Which Tasks to Hand Your AI First
The system is bought, the data is ingested, and the real question arrives: which tasks to automate with AI first. Pick well and you build momentum; pick badly and you spend trust you will not easily get back.
The answer is not a feature list, it is a sequence. Score your candidate tasks on three things -- frequency, structure, and stakes -- and the order nearly writes itself.
Score Frequency, Structure, and Stakes
Score every candidate task on how often it recurs, how repeatable its shape is, and how much a wrong output costs. Daily beats quarterly, a fixed shape beats a one-off, and read-only beats anything that commits you.
Frequency is where the payback lives, because a task done every morning repays its setup in weeks. A task done once a quarter may never repay it at all.
Structure decides whether the work sits inside what AI is actually good at. A Harvard/BCG field experiment with 758 consultants found AI made them more than 25% faster with over 40% higher quality on tasks suited to it -- yet on a task just outside that frontier, AI users were 19 percentage points more likely to get the answer wrong.1
Stakes set the sequence for everything else. Start where the worst case is an unread draft, and finish -- if ever -- where the worst case is an angry client.

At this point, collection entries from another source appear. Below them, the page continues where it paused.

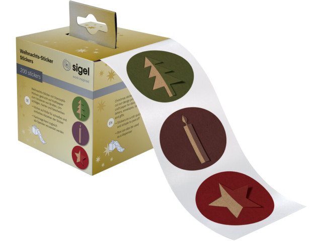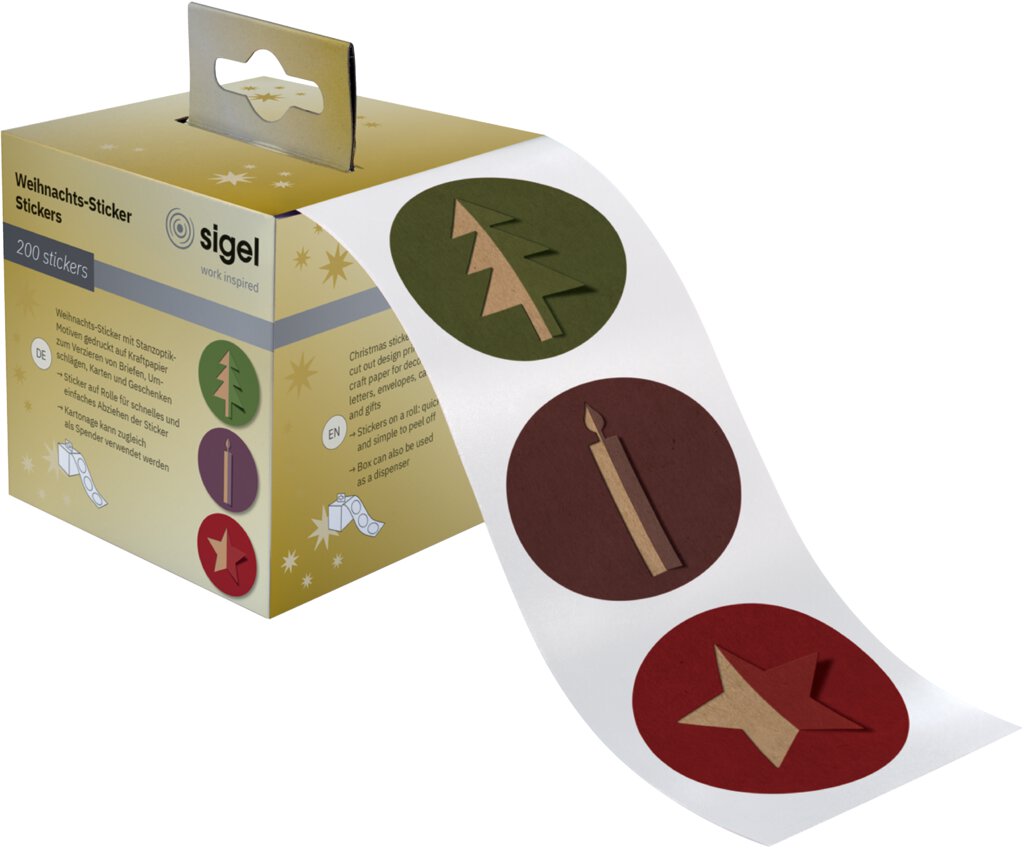 Weihnachtssticker auf Rolle. Verschiedene Motive. In einer Spenderbox.
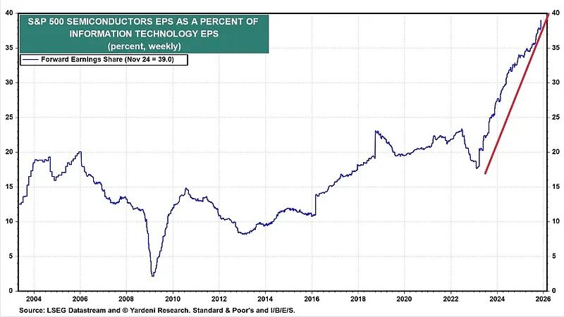 从2024年开始,半导体基建正在飞速吞噬整个IT产业利润,SP500里半导体净利润EPS在IT行业里占比,在两年时间从不到20%上升到了40%,而且还在呈加速上升姿态。
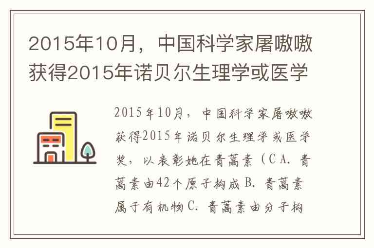 2015年10月,中国科学家屠嗷嗷获得2015年诺贝尔生理学或医学奖,以表彰她在青蒿素(C A. 青蒿素由42个原子构成 B. 青蒿素属于有机物 C. 青蒿素由分子构成 D. 青蒿素中碳元素的质量分数最大
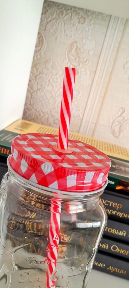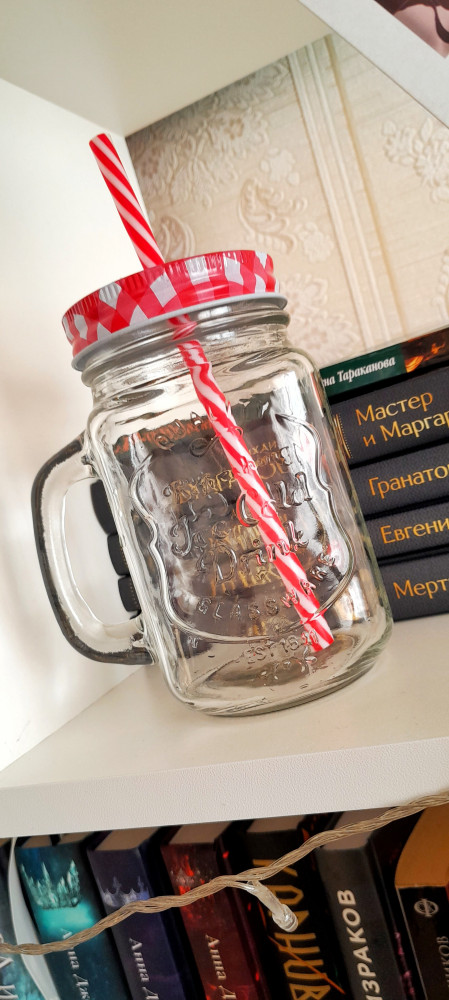 Шикарная кружка из прочного стекла, крышка закрывается плотно, трубочки из хорошего пластика
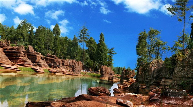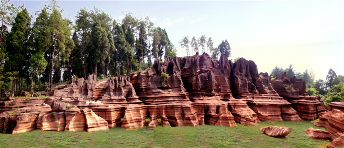 據(jù)地質(zhì)專家考證:紅色石林巖石形成的歷史約4。5億年,地質(zhì)史上稱之為揚(yáng)子古海(海底沉積了大量混合泥沙的碳酸鹽物質(zhì),經(jīng)地殼運(yùn)動(dòng)和侵蝕、溶蝕作用形成了這片美麗的地質(zhì)奇觀)。景區(qū)內(nèi)遍布高大奇石,造型各異、顏色變化多端,且隨天氣、時(shí)間、季節(jié)變化而變化,晴紅雨黑、陰轉(zhuǎn)褐紅、晨昏有別。 景區(qū)內(nèi)石景有:蜀犬吠日、乳燕待哺、樓蘭古城、蝸牛搬家、七彩迷宮、利劍刺空、航母巡游、石兵列陣、少女出浴、觀音坐蓮、石鞭候主、靈龜探海、粽熊迎客、天狗吠日、水獺望云、母雞搗窩、駝鈴聲聲····尤以“巨人圓”、“古城故宮”、“八卦奇陣”、“諸葛藏書(shū)”為奇石絕景中的最佳。 景區(qū)內(nèi)還有地下溶洞、絕壁天坑、神秘地坑、千年古木、土家山寨、土風(fēng)民俗、集商遺址····
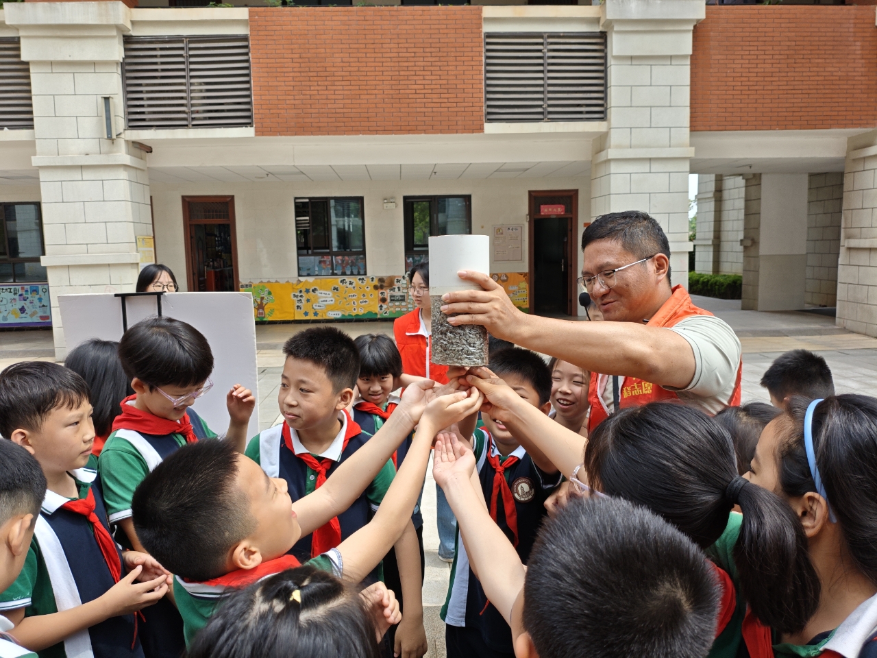在第二十五个全国科技活动周和第九个全国科技工作者日到来之际,为激发青少年创新创造热情,5月19日,湖南省新型建筑材料科普基地联合化学与环境科普基地走进可津小学,以“探秘材料化学,筑梦绿色未来”为主题,开展了一场融合科技性、趣味性与实践性的科普活动。活动由湖南省新型建筑材料科普基地负责人、湖南工学院化学与环境工程学院院长娄晓明教授带队,10余名科普志愿者通过实物展示、实验互动、现场讲解等形式,吸引了众多学生参与,现场氛围热烈。

Start With Preparation Work
The first wave is preparation: daily briefings, meeting prep, research digests, document assembly. This work is frequent, well-shaped, and read-only, so a wrong draft costs a review, not a client.

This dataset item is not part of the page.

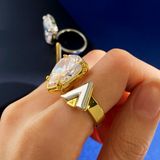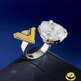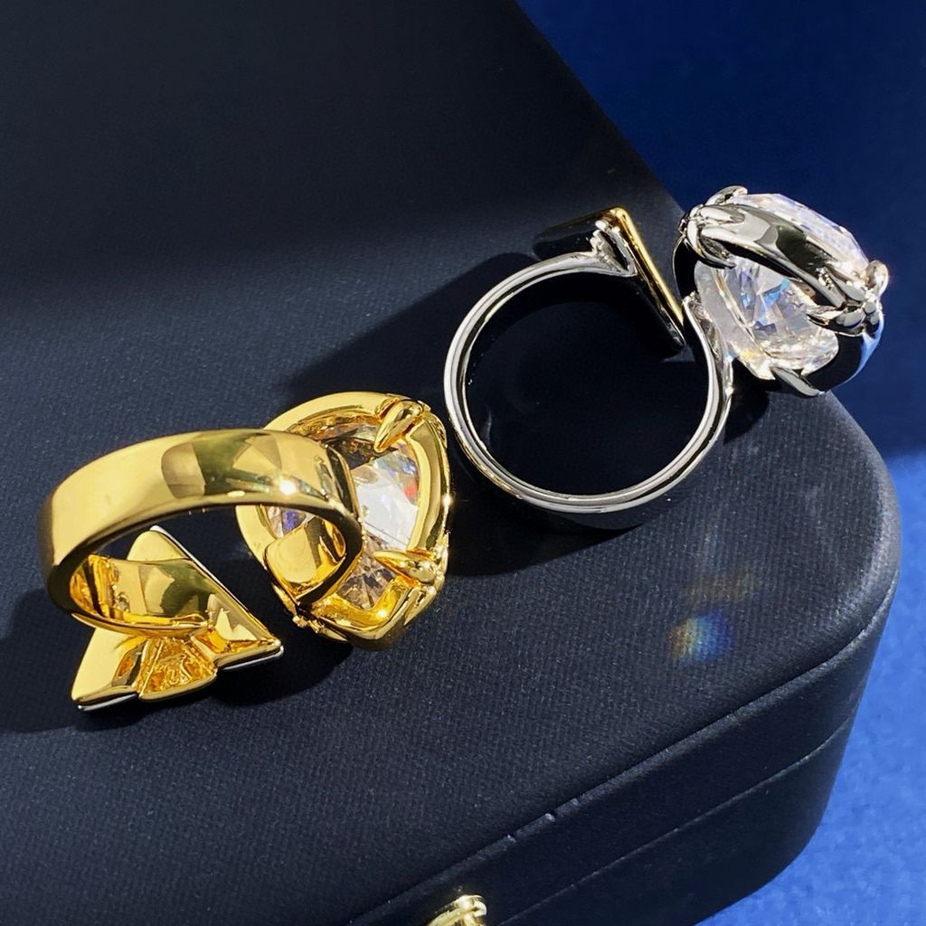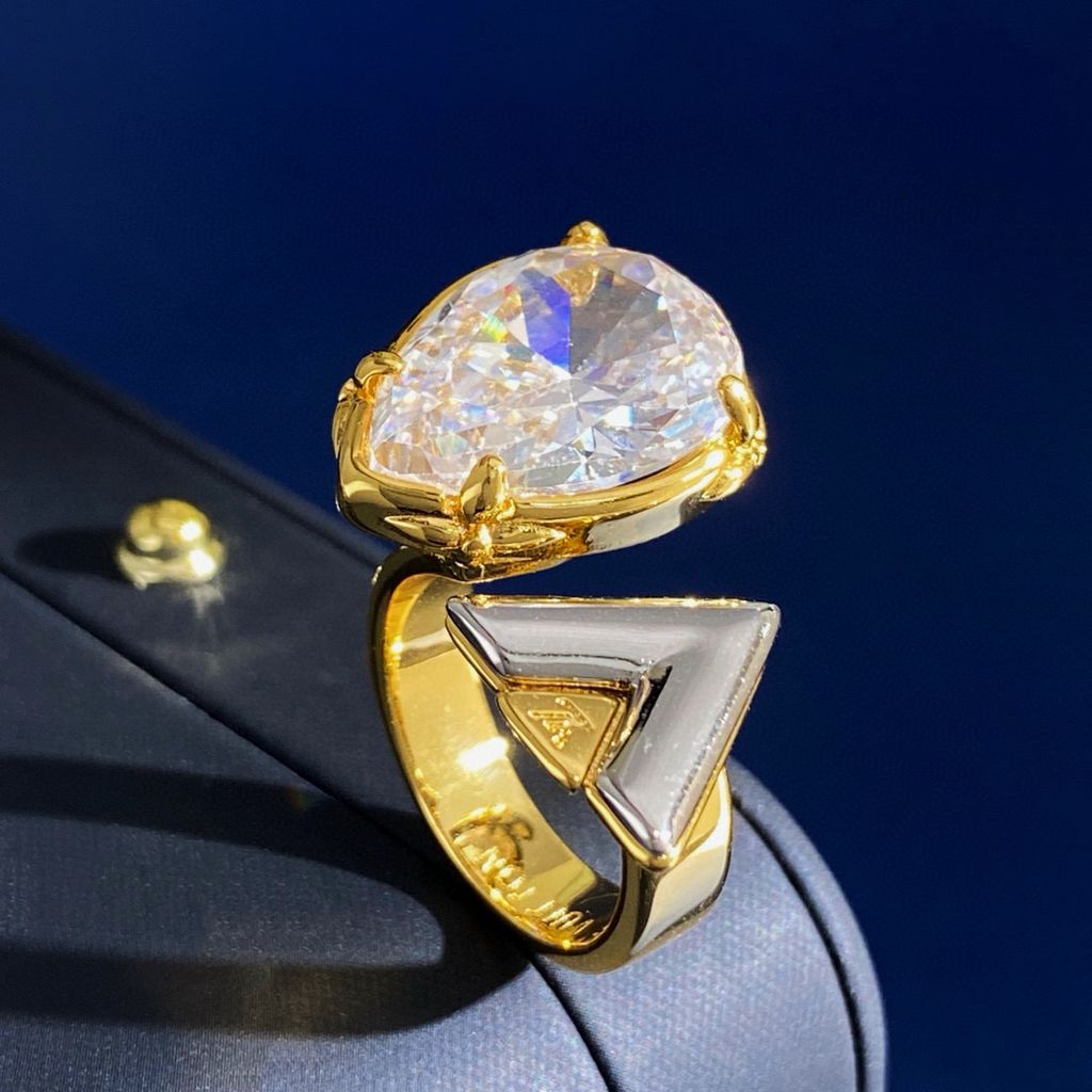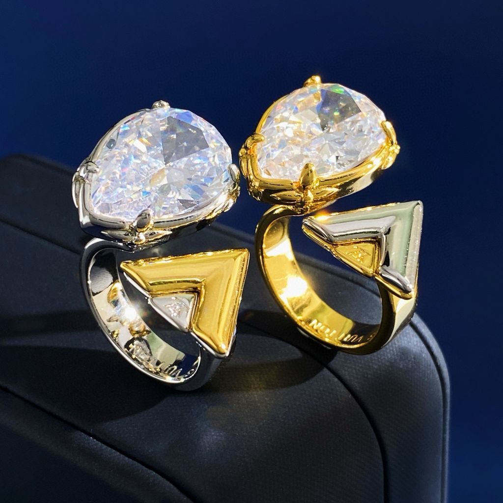 thời trang Châu Âu và Mỹ tinh tế hình giọt nước lớn kim cương đơn đánh bóng chữ V vàng và bạc hai màu nhẫn hở chất liệu đồng thau mạ vàng 2 màu

It is also where the payoff is felt immediately. Walking into a meeting already briefed on who is in the room and what was last agreed is the kind of win people mention to each other.
This is exactly the territory FactoryOS stakes out first -- its assistant's daily briefings and meeting briefs exist because preparation is the safest high-frequency work an agent can take.
Pick the Dreaded Task First
Within that first wave, the best first task is the one someone on your staff already dreads doing. Nobody defends a chore, so there is no turf to protect and an eager tester built in.
The dread is also a signal. Tedious work is usually tedious because it is repetitive, and repetitive is precisely what delegates well -- the Monday status digest nobody wants to compile beats anything chosen off the org chart.
Route Actions Through Approval
The second wave is workflows that touch your systems but route every action through a person: drafted quotes, follow-up emails, proposed schedule changes. The agent does the assembly; a human does the committing.
This only works if approval is designed in rather than bolted on. In FactoryOS, human-in-the-loop is first-class -- the agent presents a proposed action with its justification, and the human approves or rejects on the facts.
That approval step is not a training wheel you remove later. It is the control surface that lets you widen the agent's reach without widening your exposure.
Hold Back Irreversible Commitments
Irreversible external commitments come last, and some should never be delegated at all. Anything that binds you -- a signed quote, a payment, a promise a client acts on -- should not leave the building without a human deciding it should.
That is a standing design choice, not a limit of today's models. The cost of error is asymmetric: an internal draft is recalled with a click, a commitment is recalled with an apology.
Early Wins Build Trust
Early wins matter because staff trust, not technology, is the real constraint on how far automation goes. Every later wave depends on people believing the system works for them rather than around them.
The evidence says the help lands where morale needs it most. A study of 5,179 support agents found AI assistance raised productivity 14% on average -- and 34% for the newest workers -- while improving retention.2
So sequence for trust as much as for return on the investment. The dreaded chore this quarter buys permission for the approval-gated workflow next quarter -- which task does your team most want to hand over?